Grassington was the heart of mining in the Craven Dales. Here the mineral rights, long exploited with little zest by the Cliffords of Skipton Castle, passed by marriage to the Dukes of Devonshire. The 5th Duke found himself one of the richest and most extensive landowners in Britain, but did little to make the most of reserves of lead on Grassington Moor.

His favourite occupation was whiling away the night by drinking and gambling in London clubs, parting with huge sums in the company of his infamous first wife Georgiana. Star of the best-selling book and successful film of recent times, she somehow managed in 15 years to run up gaming debts that in present-day terms amount to over £6.5 million!

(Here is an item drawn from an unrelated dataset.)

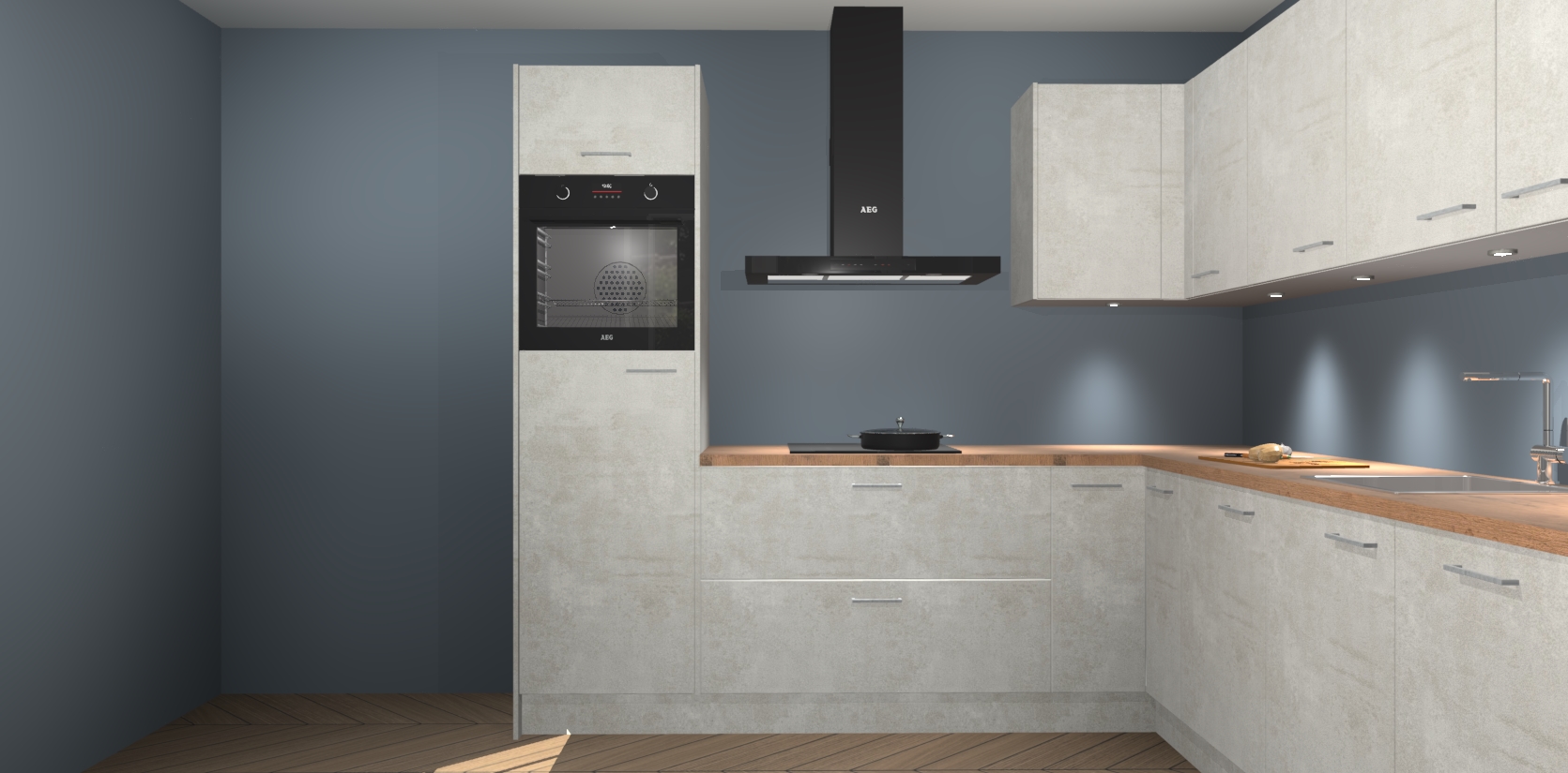 De Beton Opaal keuken Debar is uitgerust met vijf inbouwapparaten die elke kooktaak handig en efficiënt maken. Een oven, inductiekookplaat, afzuigkap, vaatwasser en koelkast zijn standaard, maar kunnen na bestelling eenvoudig worden geupgrade naar AEG. Profiteer vervolgens van de softclose deuren voor snelle toegang en geruisloze toegang.
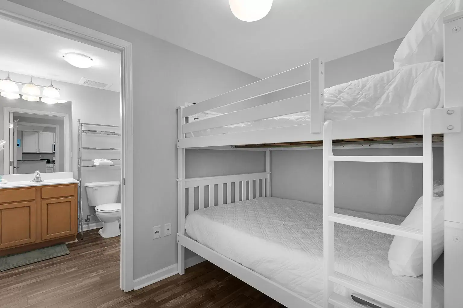 Palms Resort #11008 is a Junior 2BR/2BA, which is a 2 bedroom with a full-sized master plus a smaller bedroom and two full sized bathrooms, one with a walk-in shower. The master has a king-sized bed. The second bedroom has a full over full bunk bed, with its own bathroom entry. There is also a sofa sleeper in the living room, allowing for a maximum of 6 guests!

Fortunately throughout much of this period the dukedom had a fabulously rich copper mine at Ecton in Staffordshire. Then this suddenly failed and attention turned to maximising revenue at Grassington. It was a slow process, which only achieved success when the 6th Duke brought in John Taylor, a mining engineer and genius, to act as his chief mineral agent. It was the equivalent of today’s international headhunt for a chief executive, and he soon transformed the whole mining field.

Grassington became a lively and very crowded village. One obvious change was the provision of chapels, reflecting the fact that the exuberance of non-conformity appealed to the independent spirit of miners. The Church of England had locally lost touch with its parishioners, a situation not helped by the 40-year reign of the rector of Linton, the Rev Benjamin Smith, a Latin and Greek scholar known as one of best dancers in England but regarding his flock as ‘baptised brutes’. His views were shared by the Rev Thomas Dunham Whitaker, author of a monumental History of Craven, who saw miners as ‘the mere trash of a church yard’.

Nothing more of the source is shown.